Average wage of Deliveroo ‘riders’ just over €9 per hour

Average wage of Deliveroo ‘riders’ just over €9 per hour
Credit: Belga

The average wage of a Deliveroo ‘rider’, or food delivery courier, was as low as €9.2 per hour in recent years and is continuing to decrease.

Between the beginning of 2018 and 2020, around 10,000 courier runs were analysed by the Christian trade union CSC-United Freelancers to better understand the wages, according to a report by Bruzz.

“That €9/hour does not yet include costs such as the rental of an electric bicycle, the mobile phone subscription, or appropriate clothing for cycling. Moreover, the couriers then still have no social rights, such as insurance against illness or accident, unemployment or pension rights," said CSC-United Freelancers’ Martin Willems.

He explained that this wage was what couriers who work according to the peer-to-peer statute (around 85%) earn after deducting the 10% income tax they have to pay and added that this figure had decreased since the observation period.

For the remaining 15% of couriers who work independently, the hourly wage is 70 cents higher at €9.9, but, as Willems pointed out, “self-employed people often also have more costs.”

The union has been calling on platforms such as Deliveroo or UberEats, which often highlight the presumed desire for “freedom and flexibility” their delivery drivers get in job advertisements, to give these riders a real employee status.

"Then they would have to respect certain minimum rates of the transport sector.
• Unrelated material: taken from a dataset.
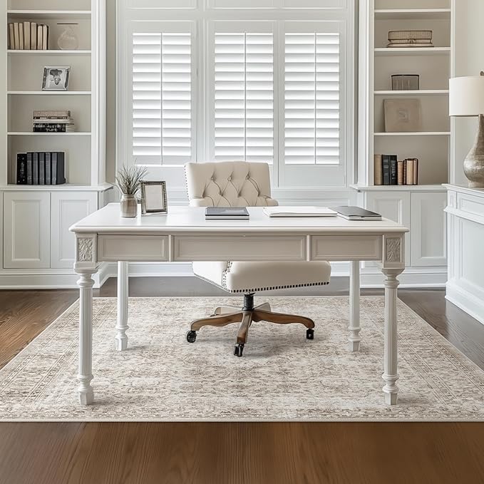 FMFUNCTEX 4x6 Washable Area Rug Neutral Vintage Beige Non Slip Low Pile Traditional Indoor Carpet for Living Room Bedroom Soft Retro Floral Mat Throw Rug for Dining Office Kitchen Dorm Entryway

Couriers would then earn €13.9. And the companies themselves would pay over €21 per hour per courier, more than double what they are willing to pay today,” said Willems.

According to reports, the couriers of Deliveroo and Uber Eats receive just under €5 per delivery. But the number of deliveries they can make per hour varies a lot, for example depending on the distance, the time of day, the day of the week or the weather.

In the UK, Deliveroo couriers can earn as little as £2 (€2.32) an hour, according to a recent analysis by the Bureau of Investigative Journalism of invoices.